Africa
European contractors have a long tradition of engagement in Africa. However, it has become more difficult over the past two decades to maintain a significant presence on the African continent, and in particular in the Sub Sahara region. Whilst European international contractors have successfully adapted their internationalisation strategies to the needs of the globalisation era and were able to more than triple their international turnover since 1990 from then 53 billion US$ to some 190 billion US$ in 2009. the same statistics reveal that no more than 10% of overseas works in 2009 were carried out in Africa, compared to 15% in 1990.
What are the main reasons for the withdrawal of many European companies?
- A sharp reduction in the financial and human resources allocated to infrastructure during the 1990s. It was – erroneously – anticipated by the international donor community that the private sector would step in and invest into privatised infrastructure service companies in developing countries. Subsequent experience showed, however, that the risks associated with privately financed infrastructure in the developing world were in many cases too high and thus the initial appetite of investors to engage in these types of projects decreased dramatically.
- A strategic realignment of the development policy of Multilateral and Bilateral Development Banks which, despite shortcomings in partner countries’ management systems, are shifting their financial support from project aid to budget support and their procurement rules from internationally harmonised Standard Bidding Documents to a rather diverse range of Country Procurement Systems.

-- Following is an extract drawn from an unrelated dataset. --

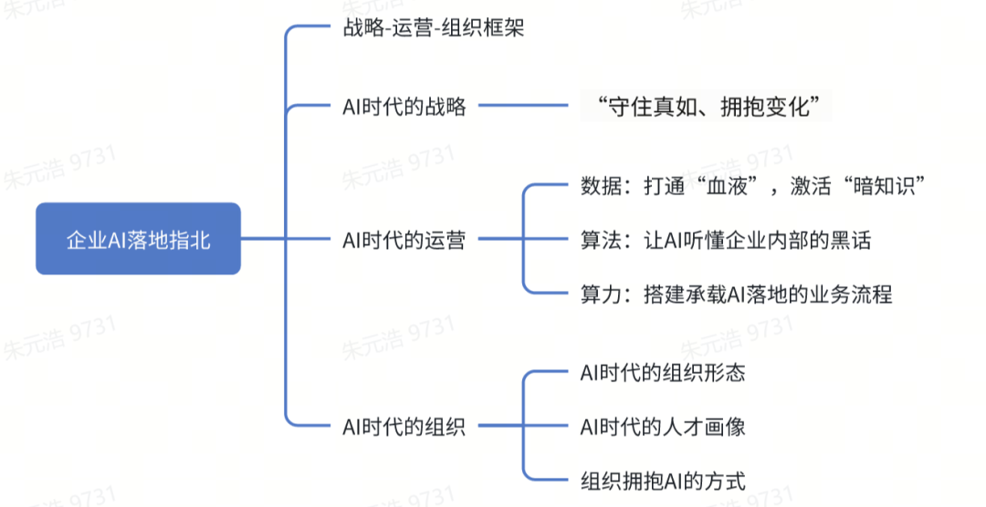 AI的到来,如同给这个框架的每个部分都装上了新的引擎与传感器,但它并没有改变框架本身。而我们的任务,是如何利用AI让这个系统运行得更好。基于此,企业在AI时代最需要想清楚的三个方面的典型问题便浮现出来:

- A growing importance of the financial markets as well as Corporate Governance requirements motivated European infrastructure providers to focus increasingly on business profitability. This meant a concentration of activities on foreign markets with a business-friendly legal framework and minimum political and economic risk as well as an evolution of many European contractors into construction-related service providers. Yet, European development agencies have hardly recognised this change of strategy, as they offer only a narrow market for privately operated infrastructure projects.
- A distortion of international competition provoked by the fact that the new competitors from emerging markets are not bound by the strict OECD regulations on financial, environmental, social and ethical standards which have subsequently been transcribed into the national laws of OECD signatories. Obviously, such rules, if applied in Africa unilaterally to the OECD industry, place a crucial disadvantage on European infrastructure providers vis-à-vis its competitors from non-OECD countries.
EIC is in close contact with the European Commission and the World Bank in order to rebalance the framework conditions on the European and international level that would allow European contractors to become more actively engaged in Africa again.